Amaç: İnfantil hipertrofik pilor stenozunun (İHPS) tedavisinde laparaskopik piloromiyotomi ameliyatındaki deneyimlerimiz doğrultusunda tekniğimizin gözden geçirilmesi ve sunulması amaçlanmıştır.
Gereç ve yöntem: Kliniğimizde Nisan 2016-Nisan 2018 tarihleri arasında laparaskopik piloromiyotomi uygulanan toplam 15 İHPS’li olgunun kayıtları geriye dönük olarak incelendi. Olgular kullanılan laparaskopik teknikteki değişim, peroperatif ve postoperatif cerrahi komplikasyonlar açısından değerlendirildi.
Bulgular: Erkek-kız oranı 2.7: 1 olan hastaların başvuru yaşı 36.5 (25-110) gün idi. Tüm hastalarda fışkırır tarzda şiddetli safrasız kusma ve 8 olguda ise belirgin kilo alamama şikayeti saptandı. Hastaların bir tanesinin situs inversus totalis olması dışında ek tıbbi durum saptanmadı. Bir hastanın peroperatif olarak pilor stenozu olmadığı anlaşıldı. Bir hasta yetersiz piloromiyotomi tanısı ile tekrar opere edildi. Bir hastada peroperatif teknik zorluk nedeniyle açık ameliyata dönüldü. İlk laparaskopik piloromiyotomi vakasının ameliyat süresi 110 dakika iken serideki son ameliyatın süresi 35 dakika olarak kayıt edildi.
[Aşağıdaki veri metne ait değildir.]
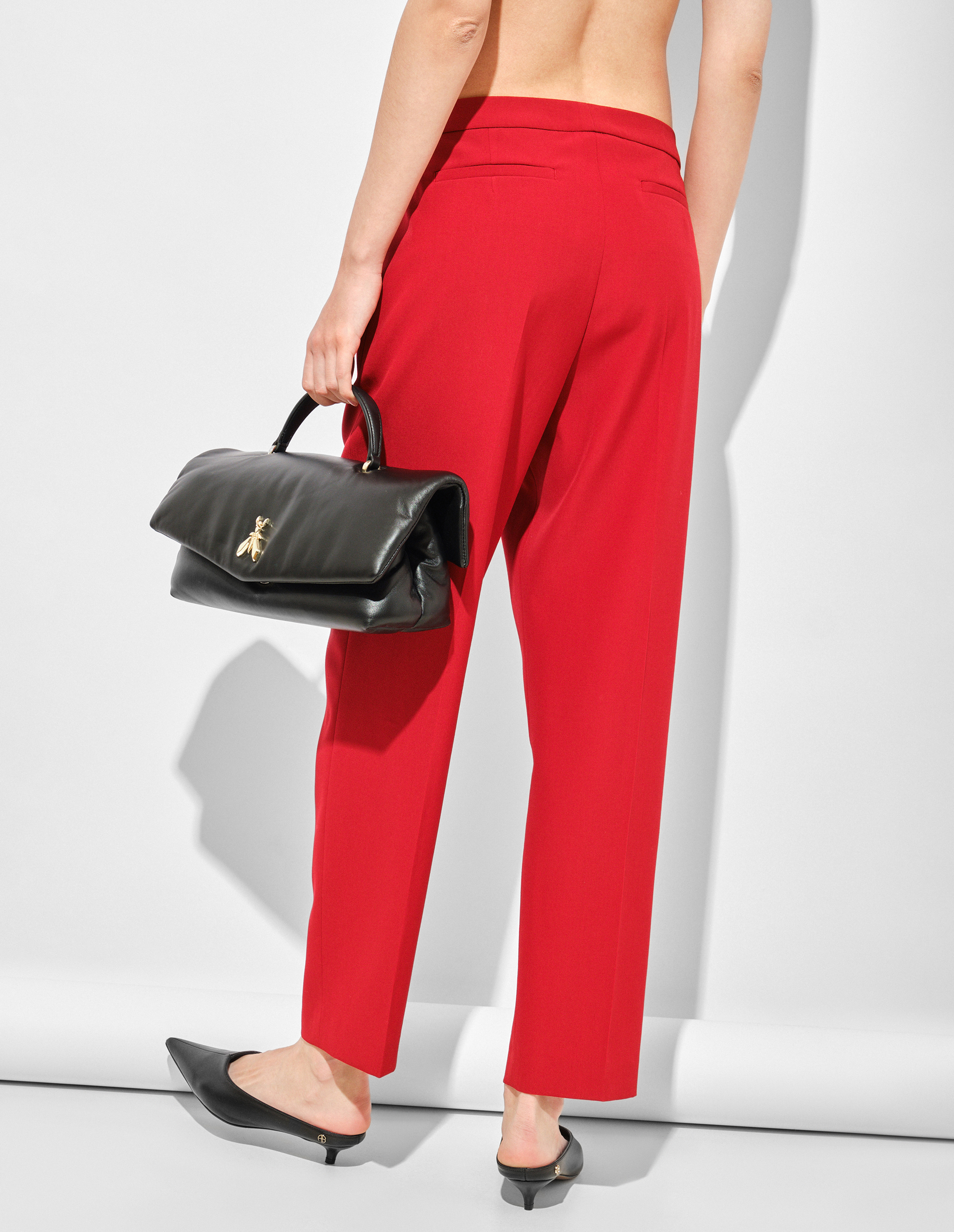 Dries Van Noten представляет брюки, в которых воплощена вся суть бельгийского подхода к современной классике. Изготовленные из 100% высококачественной шерсти, они обладают благородной фактурой и идеальной посадкой, сохраняя комфорт при движении. Слегка зауженный прямой крой создает элегантный силуэт, в то время как насыщенный оттенок CARNAL RED, вдохновленный архивной палитрой SS97, добавляет образу смелый акцент. Функциональность здесь сочетается с минималистичной эстетикой - боковые и задние прорезные карманы аккуратно вписаны в конструкцию, а скрытая застежка спереди сохраняет чистоту линий.

Sonuç: İnfantil hipertrofik pilor stenozu cerrahisinde laparaskopik yaklaşım, minimal invaziv cerrahiyi rutin uygulamakta olan cerrahlar için, hızlı bir öğrenme eğrisi ile iyi sonuçlara ve tatmin edici bir cerrahiye dönüşmektedir. (SETB-2018-07-097)
Objectives: In this study, we aim to discuss our experience with laparoscopic pyloromyotomy in patients with infantile hypertrophic pyloric stenosis (IHPS) and skills development throughout our learning curve.
Methods: We retrospectively collected data from 15 patients with IHPS who underwent laparoscopic pyloromyotomy between 2016 and 2019 in our clinic. Evolution in operation techniques, peroperative and postoperative surgical complications were analysed.
Results: In this research, 15 patients (male-to-female ratio: 2.7/1) were studied. The median age at presentation was 36.5 days (25-100 days). Non-bilious projectile vomiting was seen in all of the patients, and in eight cases, marked failure to thrive was seen. Situs inversus totalis was seen in one of the cases as an associated anomaly, no other anomalies were noted. A palpable olive-shaped mass was found in only 33% of infants (five cases). A patient was detected to have no IHPS peroperatively. One of the cases was converted to open technique due to peroperative technical difficulties. A patient underwent 2nd operation due to incomplete pyloromyotomy. The duration of the first and last cases was 110 mins and 35 mins, respectively.
Conclusion: The laparoscopic approach in patients with infantile hypertrophic pyloric stenosis can result in good postoperative outcomes and satisfying surgery in the hands of surgeons who perform minimally invasive surgery routinely.